> _ASSIGNMENT_: Every line of the listing below is to be repeated exactly; the pictures stay out.

> _RAW DATA_:

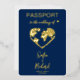 Planung der Hochzeit am romantischen Ziel? Laden Sie Ihre Gäste mit diesem schönen Pass Einladung mit einer echten Goldfolie-Weltkarte und QR-Code
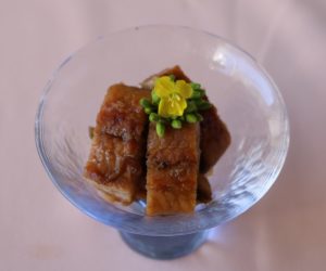 酒をふって蒸した鰻のかば焼きに菜の花をトッピングして春らしさを。
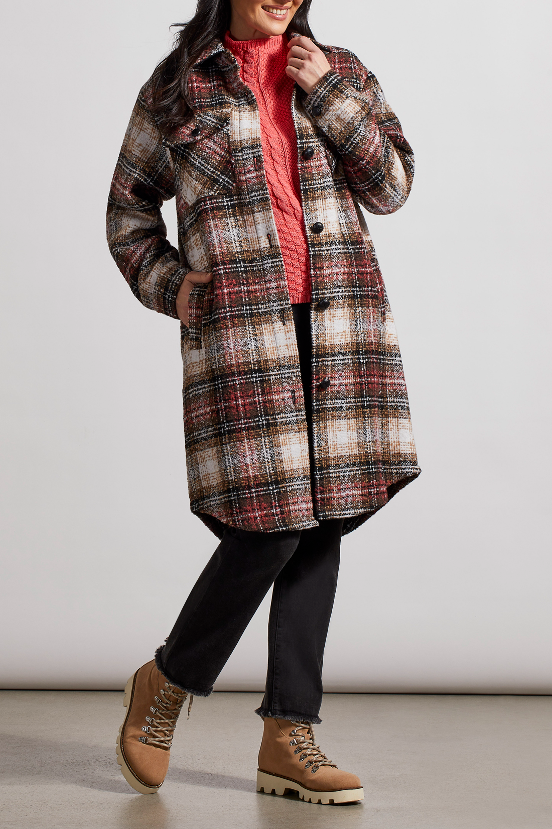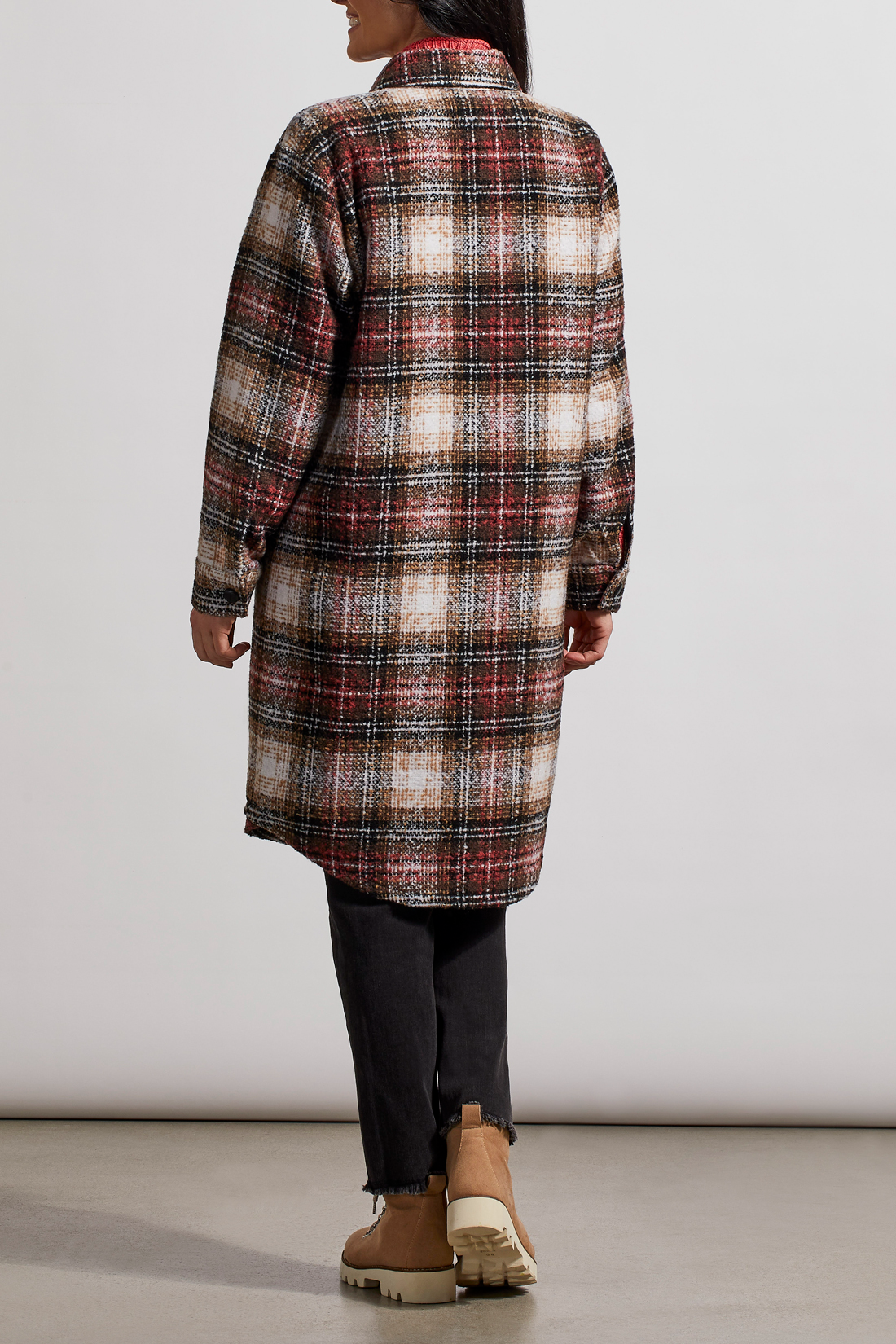 This long shacket will keep you warmer during the cold weather. Will look great paired with jeans and a sweater underneath.

> _FINISHED TASK_:
 Planung der Hochzeit am romantischen Ziel? Laden Sie Ihre Gäste mit diesem schönen Pass Einladung mit einer echten Goldfolie-Weltkarte und QR-Code
 酒をふって蒸した鰻のかば焼きに菜の花をトッピングして春らしさを。
 This long shacket will keep you warmer during the cold weather. Will look great paired with jeans and a sweater underneath.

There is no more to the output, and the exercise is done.